Brendan didn’t respond.
“Because we have
other
pictures, Mr. Healy,” and Doherty took them out quickly, tossing them on the pile, almost throwing them at Brendan. The photos slid over one another, spinning and coming to rest. One had rotated around so Jennifer could see it clearly from her angle. Her stomach eddied.
“These are photos taken when people enter and leave the jail. We’ve accounted for everyone that we have pictures of for the few hours you were there, before your first court appearance, when you pled guilty to murder. The only person we couldn’t account for was this man. Because of his falsified credentials. But we found out who he is.”
Jennifer felt her heart beating above her swirling stomach as she stared at the pictures. She couldn’t help but flashback to the time she’d spent locked in the Manhattan skyscraper.
Jeremy Staryles had stood in front of her. He’d placed the vial of thallus sulfate on the floor. He’d been gentle, well-spoken, but completely insane. A sociopath.
Doherty glared at Brendan. He tilted his head. “Anything, Brendan? You want to tell me what you and Staryles chatted about? Because this man is a fucking fairy tale. The Defense Department can only tell us so much, to protect national secrets, but we know he was in black ops. Part of special surgical teams on night raids in Central Asia, and other parts of the world. But then, he disappears. We can’t find anything on him, nothing in the DMV database, no social security, nothing. It’s like he never existed.”
Now Jennifer saw Brendan looking down at the picture. His expression remained inscrutable, his eyes unwavering. He kept silent.
“There were more deaths at Roosevelt Hospital than Alexander Heilshorn,” Doherty said. “And as much as you’d probably take credit for those too, I don’t think you killed two security guards.” Doherty jabbed his finger down on the picture of Staryles. “I think he did.”
Brendan at last looked up at Doherty. “Okay.”
“Okay? That’s all you have to say? You like being in here, Brendan? Maybe you do. Because I think you’re dangling a limited hangout. You’re taking the brunt of the Heilshorn murder and you’re acting crazy and calling on government conspiracies as a cover.
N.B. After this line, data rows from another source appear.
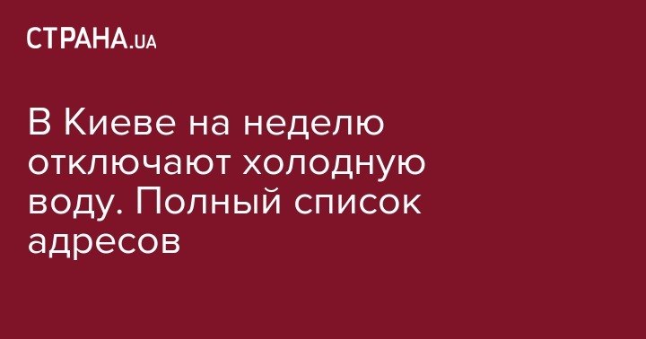 В Киеве на срок со вторника 22 мая по среду 30 мая запланировано масштабное отключение холодной воды потребителям. Это будет сделано из-за ремонтных работ на городской сети водоснабжения.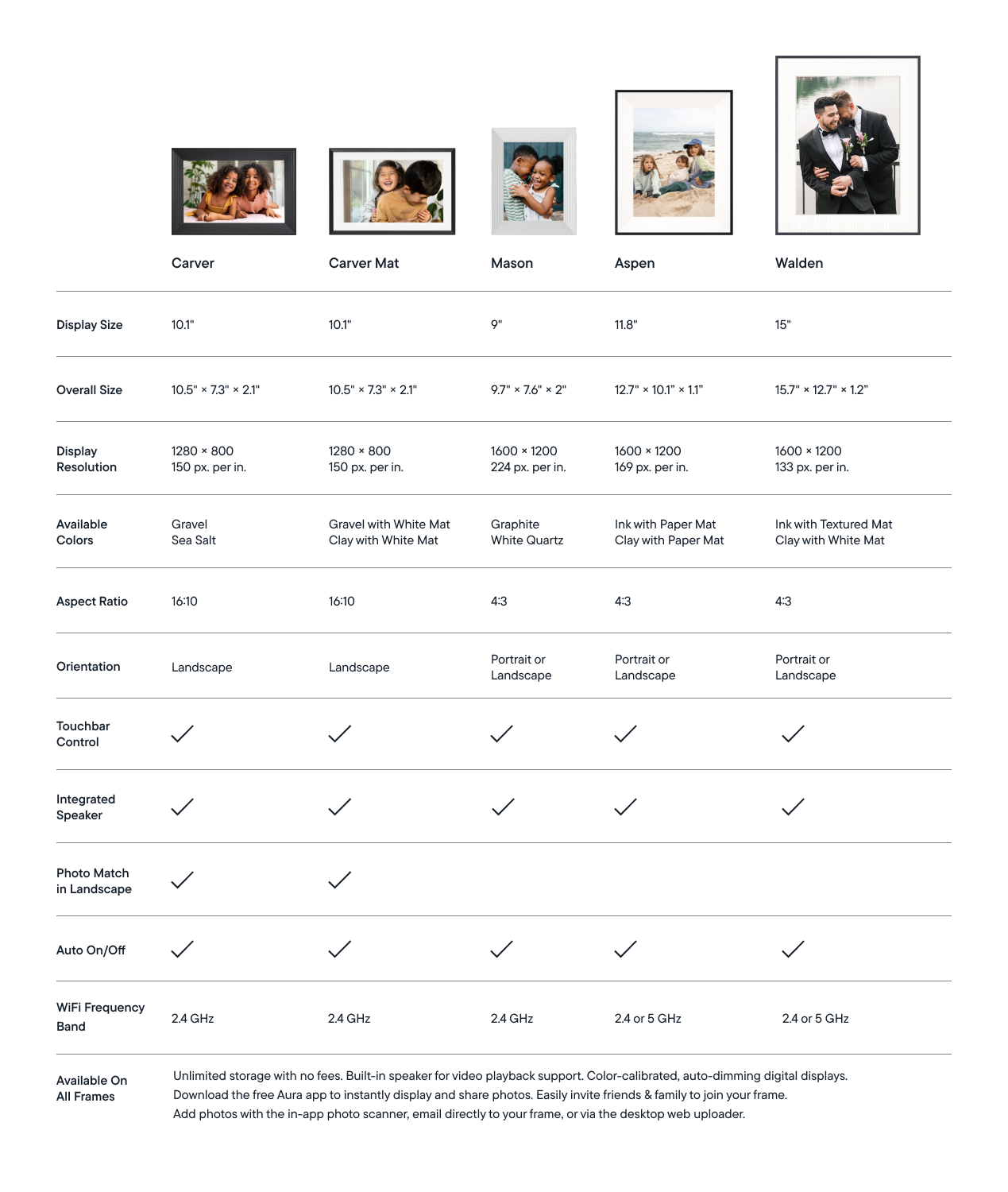 Bevor wir auf die einzelnen Funktionen eingehen, finden Sie hier einen direkten Vergleich unserer aktuellen Rahmenmodelle, damit Sie schnell erkennen können, welches am besten zu Ihren Bedürfnissen passt: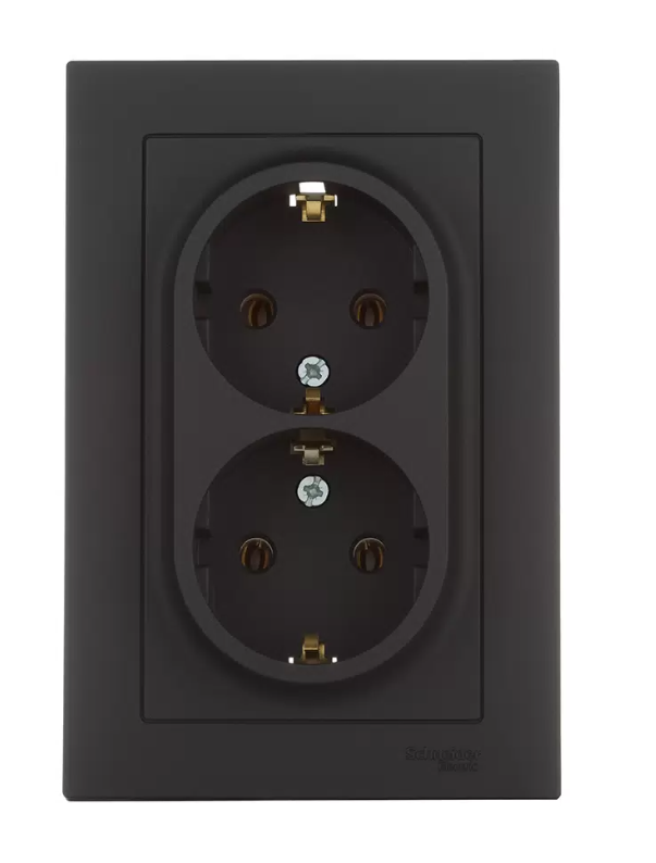 Розетка электрическая двухместная Systeme Electric Atlas Design с заземлением, в сборе 16А, Карбон ATN001024 - 10 шт.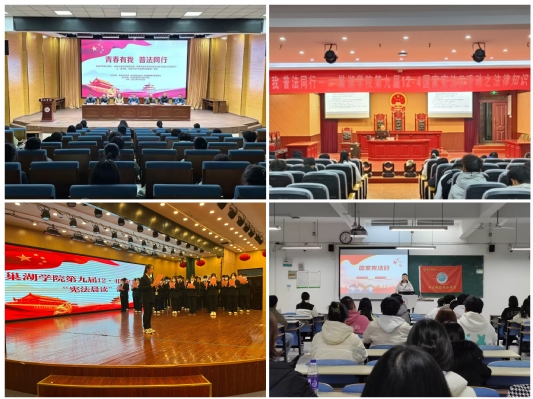 为学习宣传贯彻党的二十大精神,推动全面贯彻实施宪法,经济与法学学院以习近平法治思想为指导,以“12·4宪法日”为契机,充分运用现代信息技术,不断创新活动形式载体、丰富教育方法手段、拓展普法宣传新阵地,开展第九届12·4国家宪法日“宪法晨读”活动、“宪法日普法之政协知多少”活动、组织举办扫黑除恶、反有组织犯罪法、《宪法》和《民法典》知识讲座、“宪法手中抒,宪法记心头”卡片制作活动、“‘宪’在开始,与法同行”微视频活动、“法治进社区,传习在行动”等教育引导学生们自觉遵守法律法规,着力培育学习宪法、尊崇宪法的校园法治文化,切实提升宪法教育的影响力和感染力,推动宪法真正走入广大师生日常生活。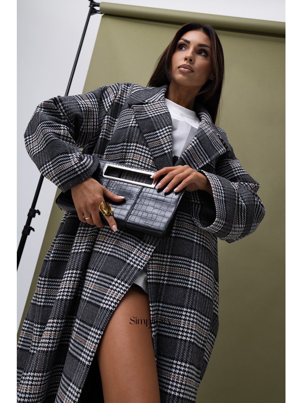 Tento nadrozmerný kabát, vyrobený z vysoko kvalitného materiálu podobného vlne, sa vyznačuje klasickým kockovaným vzorom v čiernej, bielej a sivej farbe. Má široký golier, dlhé, voľné rukávy a dĺžku pod kolená, čo zaisťuje pohodlie a slobodu pohybu. Je ideálny na jeseň a zimu, ale skvele sa hodí aj na jar v kombinácii s vhodnými doplnkami, ako je šál alebo čiapka. Jeho všestrannosť a štýl umožňujú mnoho zaujímavých kombinácií, ktoré zdôrazňujú individualitu nositeľa. Skrátka, tento kabát nie je len funkčným kúskom šatníka, ale aj štýlovým doplnkom, ktorý môže tvoriť základ mnohých módnych outfitov.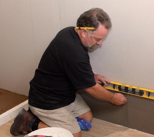 level and use a damp cloth to wipe away any excessive adhesive that squeezes onto the tile. Any cut tiles and larger size tiles can have the adhesive “buttered” on the back to make them easier to place. Every so often, it is a good idea to pull a tile off to ensure you are getting complete adhesive coverage on the back of the tile.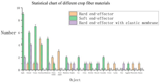 Figure 3 presents the statistical distribution of finger materials used for different crops. Based on the data from Appendix A, Table 3 summarizes the average success rate, harvesting cycle time, and damage rate associated with each type of finger material. The following analysis integrates the data in Table 3 with the advantages and disadvantages of each material to explain the proportional distribution observed in Figure 3.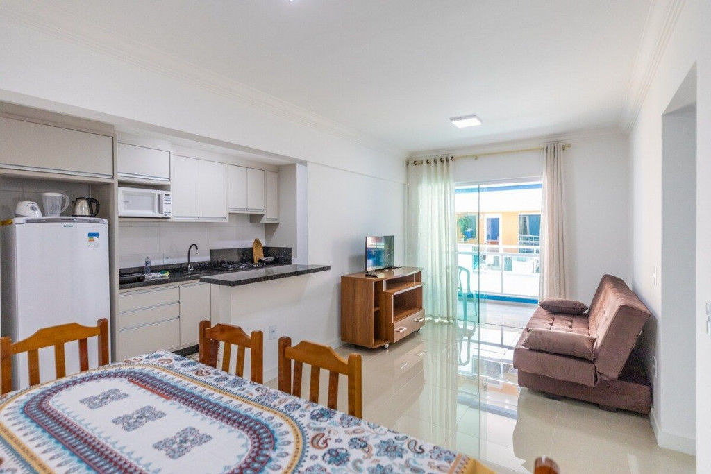 Apartamento muito bem localizado. Você poderá fazer tudo a pé, inclusive supermercado. Localizado a 400m da praia em frente ao mercado Schmitd.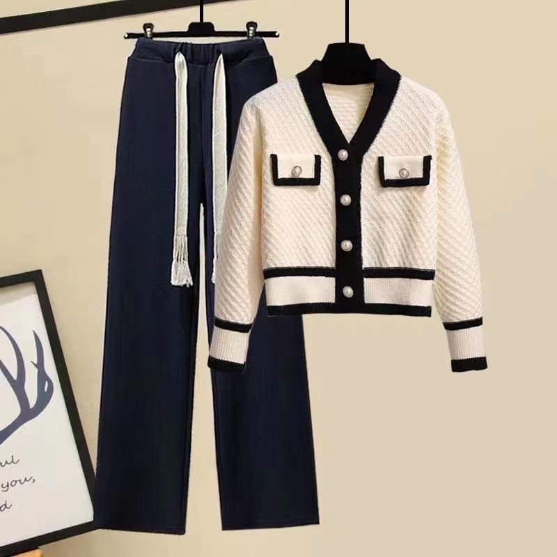 Vestido de otoño Un conjunto de traje estilo Pure Desire Ropa de mujer nueva de moda Suéter estilo fragante Pantalones anchos de cintura alta Conjunto de dos piezas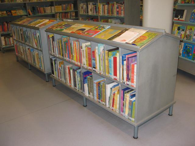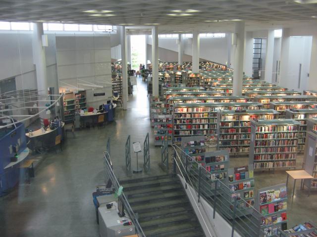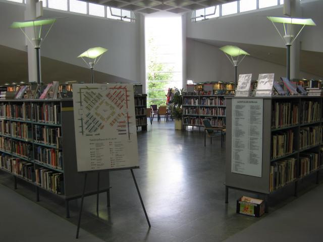 Za absenčními výpůjčkami je nutné vystoupat do prvního patra knihovny, kde je umístěno oddělení pro dospělé a dětské oddělení. Přímo u vchodu do oddělení pro dospělé návštěvníky zaujmou samoobslužné automaty pro půjčování a vracení publikací. Velké oblibě se těší nejen u knihovníků, ale stále více i u čtenářů. Těm, kteří informační technologie nepreferují, je určen tradiční výpůjční pult, jehož výška je dokonce elektronicky nastavitelná. Dvě třetiny fondu jsou uloženy ve volném výběru (beletrie, odborná literatura), méně využívané dokumenty ve skladech s kompaktními regály. Knihy ze skladu jsou uživatelům vyhledány okamžitě po zadání požadavku na výpůjčku. Kromě knih je uživatelům k dispozici také kolekce filmů na DVD. Z českých titulů jsme na regále objevili pouze oscarového Kolju. Dispozice oddělení pro dospělé má představovat pomyslné město. Regály tvoří bloky „domů“ a uprostřed zástavby je malé náměstí – prostor pro pořádání menších akcí, čtenářských besed nebo pohodlné individuální čtení. Rozmístění fondu na regálech mají uživatelé graficky znázorněno a barevně rozlišeno tak, aby se v něm pohodlně vyznali.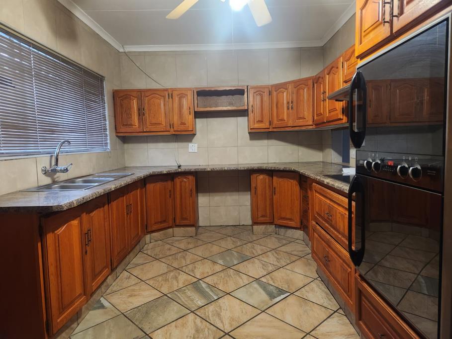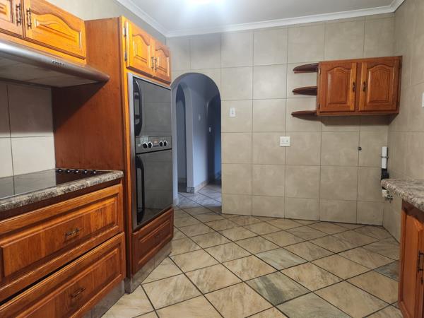 The kitchen is a standout feature with its solid oak cupboards, glass hob, extractor fan, and an eye-level double oven, making it a chef''s dream. The open-plan lounge and dining area is spacious and welcoming, complete with a cozy fireplace for those chilly evenings. There are two bathrooms the first one includes a bath, toilet, and basin, while the second offers a shower, basin, and toilet. Throughout the home, high-quality tiles flow seamlessly, creating a sleek, uniform look. For added security, all windows are fitted with sturdy trellis security bars. The property also comes with a double carport, offering sheltered parking for two vehicles.

Why don’t you tell me about Nonsystem?”
“Why do you think I know anything about them?”
“You want things to get worse for you? You think this is bad? This place?” Doherty suddenly looked around, waving his hands at the room, the jail. “This is a walk in the park, my friend. A friggin’ lead pipe cinch compared to where people go who threaten national security. You need to open up. You need to work with us.”